After some digging I concluded that the problem is that julia is not using simd to compute the log().
Some web searches led me to: http://software-lisc.fbk.eu/avx_mathfun/
where I found "an AVX translation of the SSE2 implementation " (I’m sure there are many other implementations), with some hacking of that code, I managed to get the log(Array) calculation part going doing 8 elements in parallel at a time (by removing the sin and cos functions) to get about a 7 times speed-up, however I ran into 2 issues:

  1. to prevent unnecessary memory allocation, I rather created a log!(outputVector, inputVector)
  2. this only works if I can call it as vector, the dot-fusion operator actually gets in the way here.
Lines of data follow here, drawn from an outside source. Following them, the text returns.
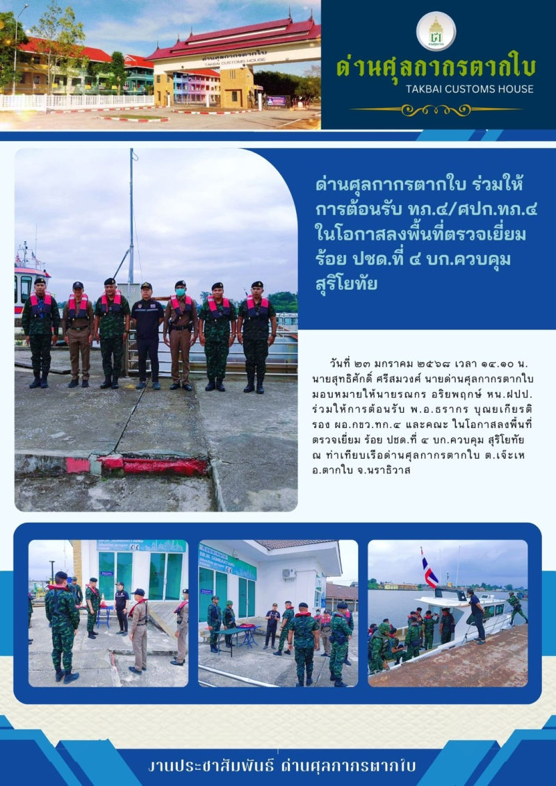 //ด่านตากใบ ให้การต้อนรับ ทภ.4/ศปก.ทภ.4ในโอกาสลงพื้นที่ตรวจเยี่ยมร้อย ปชด.ที่ 4 บก.ควบคุมสุริโยทัย
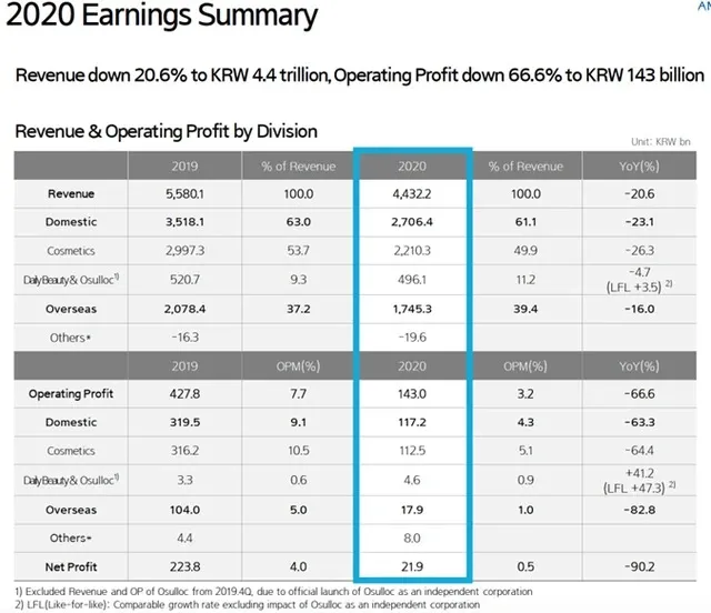 爱茉莉太平洋财报显示,悦诗风吟全球销售额从2017年的6420亿韩元减少到2020年的3486亿韩元,营业利润从2017年的1079亿韩元减少到2020年的70亿韩元(1亿韩元约为58万人民币)。
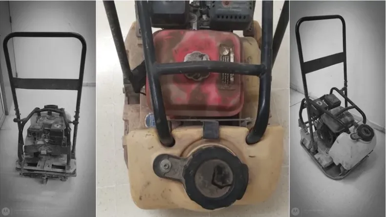 Se trata de una máquina compactadora manual de tierra, marca GS de color amarillo y tanque de combustible rojo. Cualquier consulta dirigirse hacia la Seccional 36.

Is there a way to address point 2 by overloading a special case of the log. function?
It feels doubtful or am I missing something?
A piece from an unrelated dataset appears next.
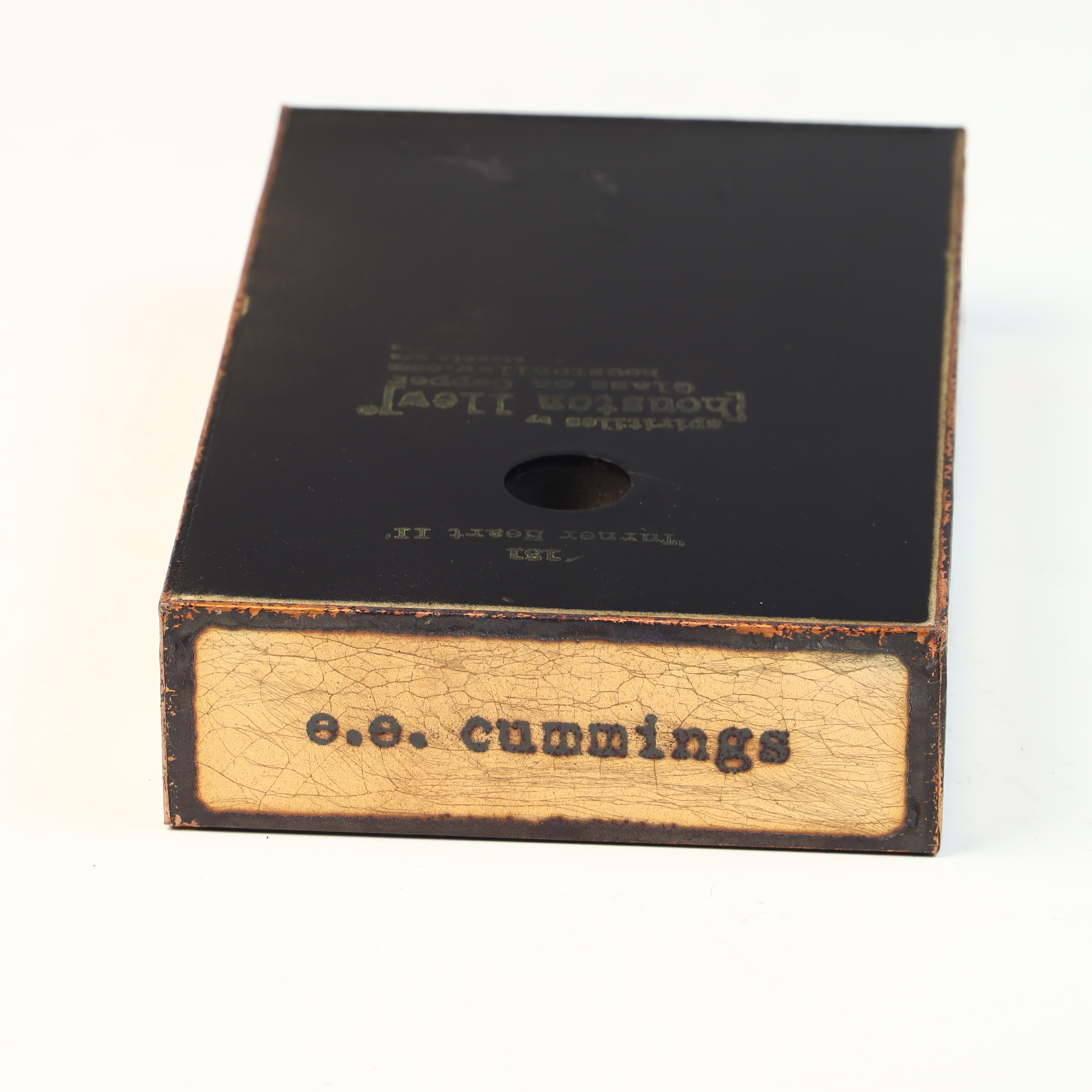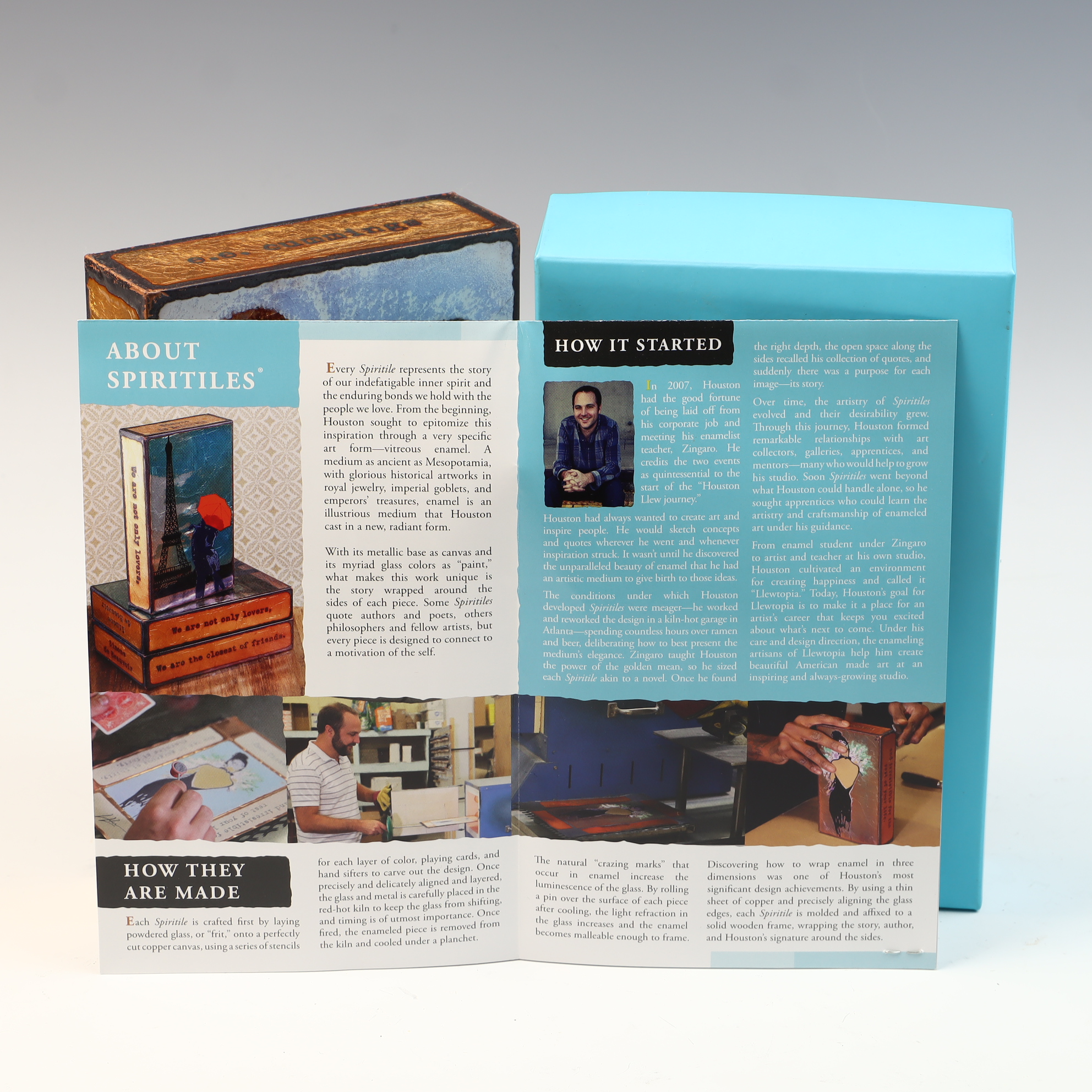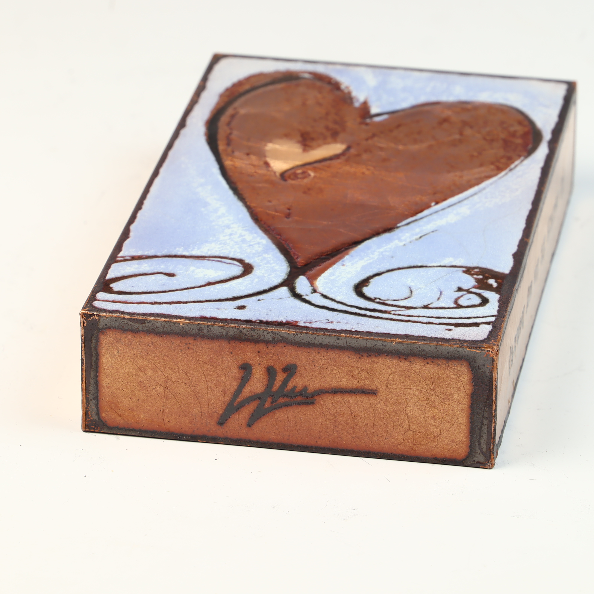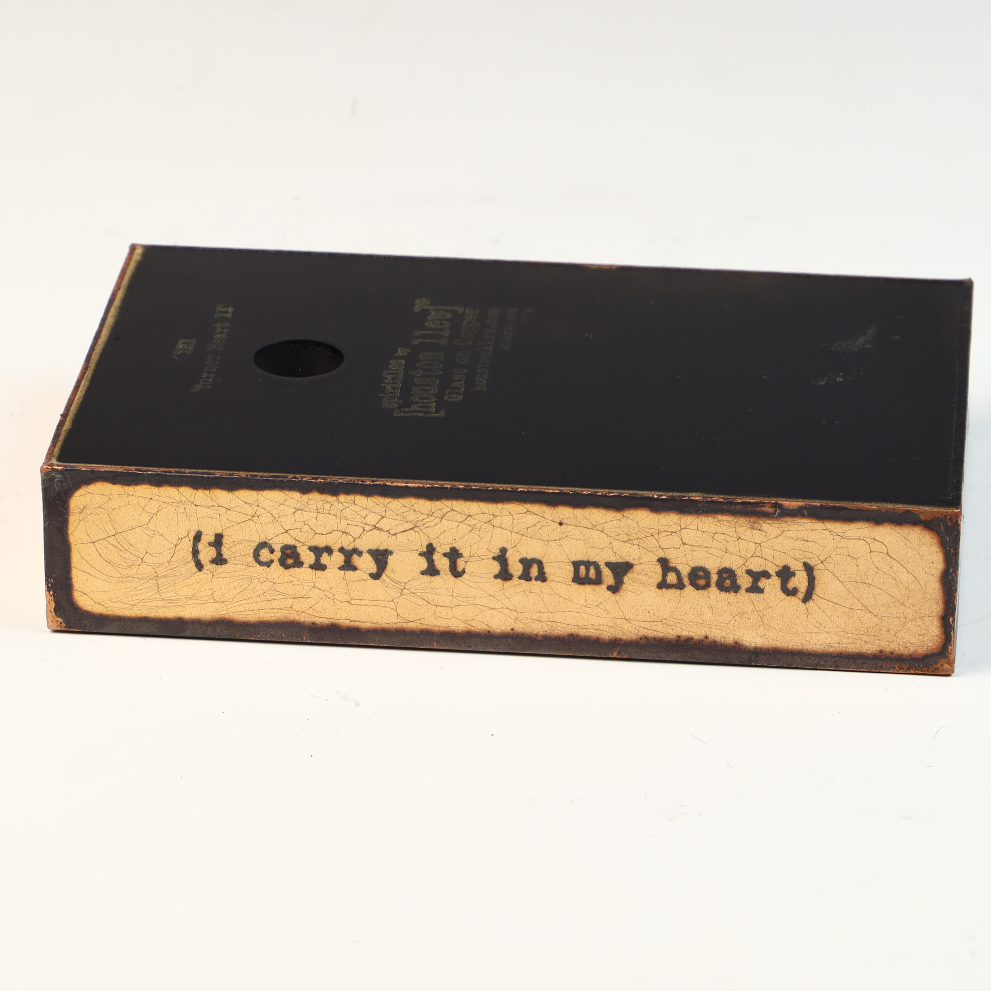 This is a Houston Llew Spiritile, titled Turner Heart II, number 131 in the artist’s collection. The piece is constructed of vitreous enamel (molten glass) fired onto a copper plate that is wrapped around a solid base. The front decorative panel features a large, textured reddish-brown heart containing a smaller, pale-colored heart at its center. This imagery is set against a mottled light blue background with dark scrollwork at the bottom. The sides of the block are finished in a crackled gold-tone enamel. The top edge is inscribed with the name e.e. cummings. The left side edge is inscribed with the text i carry your heart with me, while the right side edge is inscribed (i carry it in my heart). The bottom edge features a stylized black script signature for Houston Llew. The back of the art block is finished in smooth black with a circular hanging point and bears several printed marks: 131, Turner Heart II, spiritiles by [houston llew], Glass on Copper, houstonllew.com, and atlanta usa. The item is accompanied by its original turquoise blue presentation box and a printed Collector’s Guide brochure.

I considered packing this as a normal julia package, however it is platform dependant and would force a non-Julia interface.
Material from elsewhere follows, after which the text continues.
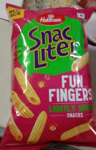 HaldiramSnaclite fun fingers have a shape that closely resembles penne shaped pasta. The otherwise white colored chips are coated in redyellow masala. The Haldiramsnac lite fun fingers have a very oldschool nostalgia attached to it. You will be constantly reminded of the airy masala puffs. These fun fingers are not over coated in masalas. It is lightly spiced extremely crunchy and airy. There is nothing taste wise that stands out but the snack is tasty overall.
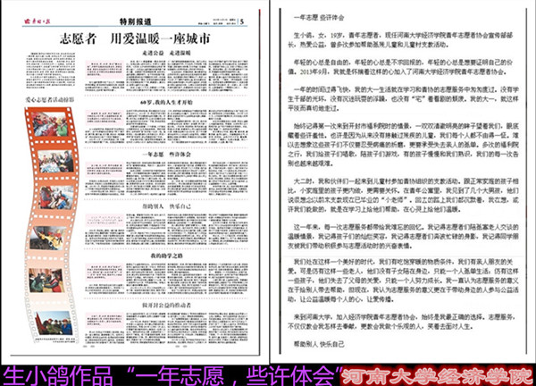 为了传递社会正能量,展示志愿者风彩,并带动更多的人加入志愿者行列。《开封日报》在“国际志愿者日”这特殊的日子做了以“志愿者,用爱温暖一座城市”为主题的特别报道。本次报道通过对不同年龄段志愿者们的志愿之路的采访来向大家展示真实的志愿生活。公司青年志愿者协会成员生小鸽代表全体青年志愿者们发表了自己从事志愿工作以来的感受。

At the same time, I’m also wondering if the same problem occurs for sin and cos and whether spending further time on that code to get those working as well, although I’m using them less often.


#2

Rather than defining a new log! function, I would recommend just using the broadcast notation, which is more powerful and flexible anyway. You can operate in place and avoid allocation by just doing y .= log.(x) where y is your pre-allocated output array.


#3

I realise I was a bit unclear in my original post:
The fast log function I found operates on 8 elements at a time using simd. If I call the log.() function, it operates on individual elements. I want to try to find a way to do a block call from the fusion operator to this function to do 8 log conversions in parallel.


#4

Right now, you would have to use something like https://github.com/JuliaMath/Yeppp.jl or https://github.com/JuliaMath/VML.jl.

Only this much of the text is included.